**ACTION ITEM**
Repeat only what runs from the line with "BH3120은 암세포 표면에" through the last line of the data below, both included, keeping every word as it is and leaving out the pictures.

=== SOURCE DATA ===

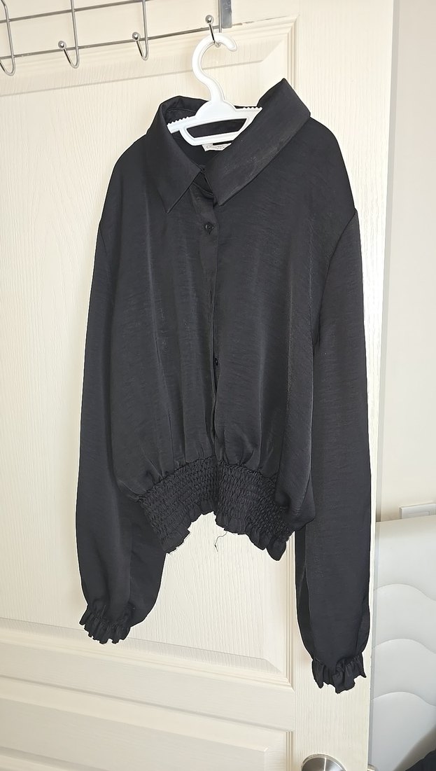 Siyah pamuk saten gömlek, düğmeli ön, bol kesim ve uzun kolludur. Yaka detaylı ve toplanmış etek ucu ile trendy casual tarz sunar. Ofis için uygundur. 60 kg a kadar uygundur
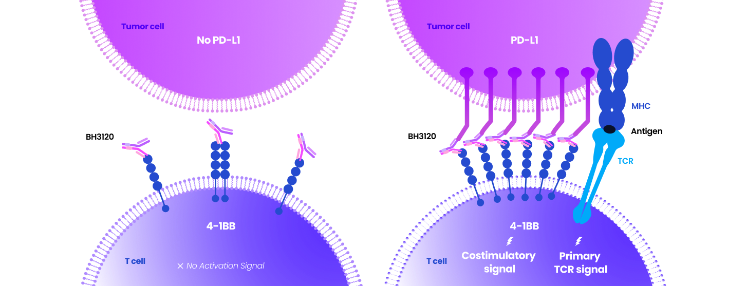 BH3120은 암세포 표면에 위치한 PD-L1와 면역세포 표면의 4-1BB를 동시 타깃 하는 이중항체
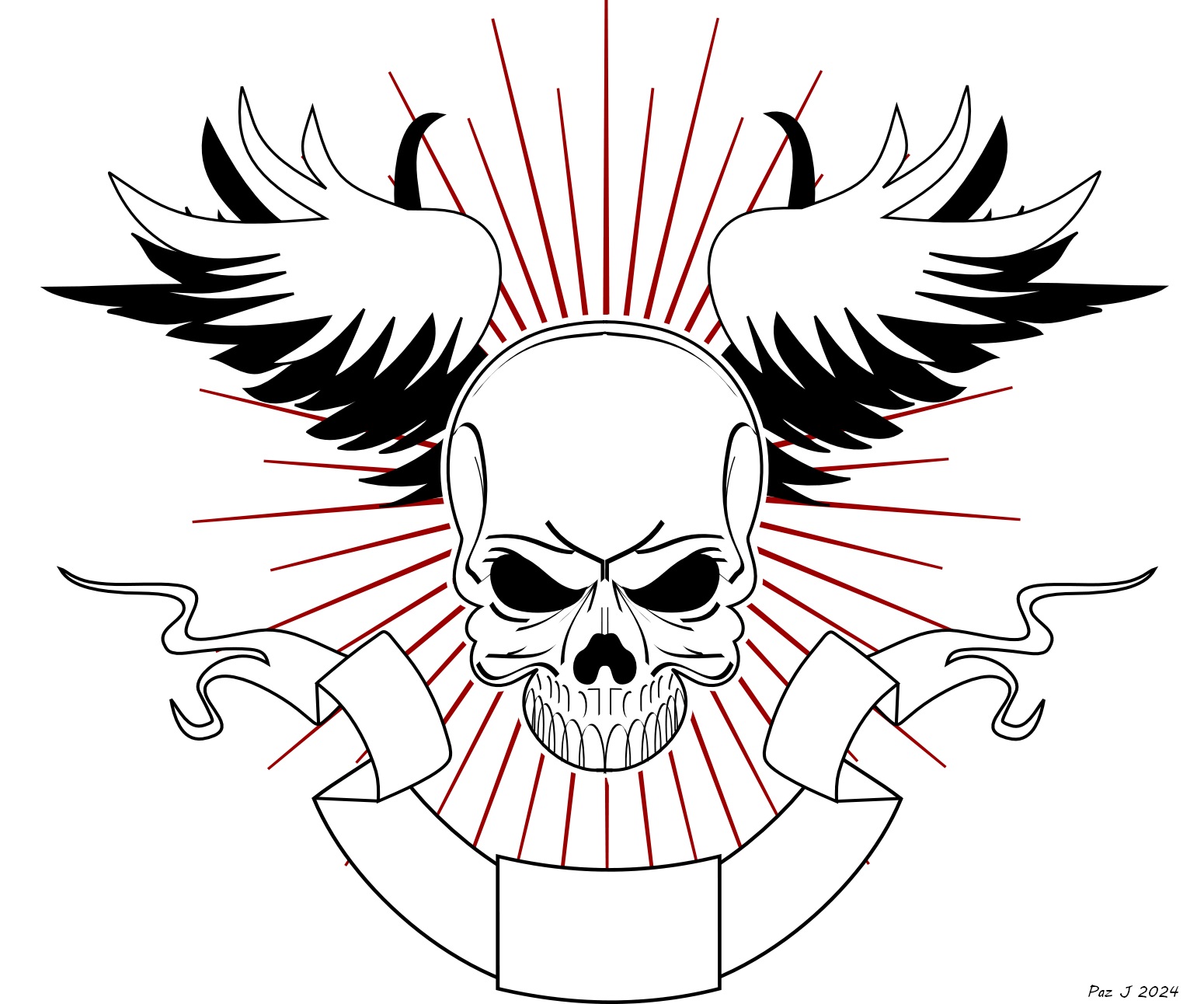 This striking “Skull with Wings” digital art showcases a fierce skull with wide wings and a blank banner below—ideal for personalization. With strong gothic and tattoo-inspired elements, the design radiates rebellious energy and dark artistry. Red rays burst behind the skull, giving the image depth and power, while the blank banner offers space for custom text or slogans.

===

**ANSWER TO THIS EXERCISE**
 BH3120은 암세포 표면에 위치한 PD-L1와 면역세포 표면의 4-1BB를 동시 타깃 하는 이중항체
 This striking “Skull with Wings” digital art showcases a fierce skull with wide wings and a blank banner below—ideal for personalization. With strong gothic and tattoo-inspired elements, the design radiates rebellious energy and dark artistry. Red rays burst behind the skull, giving the image depth and power, while the blank banner offers space for custom text or slogans.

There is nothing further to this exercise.